Süddeutsche Zeitung darbe girişimini konu alan yorumunda ‘Darbe ve karşı darbe' başlığını kullanmış:
“Birçok Türk'ün korku ve güvensizliği azalacak yerde artacaktır. Bu korku, kestirilemezden, cadı avından, hükümeti eleştirenlerin takibatından, sürekli olağanüstü halden, tepeden gelen darbeden duyulan korkudur. Erdoğan başarısız darbe girişiminin ‘Allah'ın lütfu' olduğunu söyledi. Bu söz darbe girişimi sırasında ortaya çıkan can kaybı açısından son derece tuhaf kaçmaktadır. Ama Cumhurbaşkanı hemen kavramıştır ki, iktidarına yapılan darbe iktidarını daha da güçlendirmiştir.”

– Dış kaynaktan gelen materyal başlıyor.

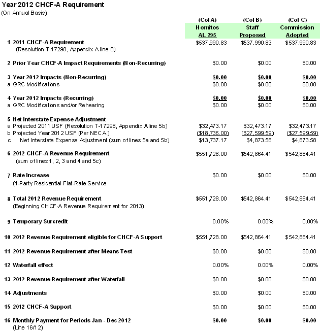 Hornitos, has a 2012 CHCF-A revenue requirement of $542,864.41 (at Line 6, Page 7 of Appendix A). In its advice letter, Hornitos stated that they are not requesting a draw from the CHCF-A. Thus, Hornitos will not receive any CHCF-A support for 2012.

Berlin'de yayımlanan Tageszeitung'un yorumunda da darbe girişiminin Cumhurbaşkanı Erdoğan'ın konumunu daha da güçlendirecek olmasından duyulan endişe dile getiriliyor:
“Batı doğrusunu yaparak Türkiye'deki bastırılan darbe girişimini kınamıştır. Erdoğan sevilse de sevilmese de, demokrasiyi kurtarmak için askeri araç olarak görenle, kazları tilkiye emanet eden arasında fark yoktur. Ancak Batılı değerler topluluğunun hamileri 2013 yılında Mısır'da olduğu gibi, ittifak sınırları dışındaki ülkelerde demokratik seçimle işbaşına gelmiş hükümetlerin asker tarafından iktidardan indirildiğini de hatırlasalar iyi olur. Aksi takdirde inandırıcılıklarını yitirirler. Batı'nın insan haklarında ısrar etmesini Erdoğan neden ciddiye alsın? Mutlak kudret hissine kapılmasının haklı nedenleri var. Türkiye NATO müttefiki olarak ihtiyaç duyulan bir ülke. Ayrıca Avrupa Birliği de mülteci yükünü Türkiye'ye boşaltmıyor mu? İstediğini yapabileceğine inanması gayet normaldir. Batı bir kez daha kendini bir diktatöre bağımlı kıldı. Bunun ceremesini de yine önce muhalifler ve insan hakkı savunucuları çekecek. Yazıklar olsun!”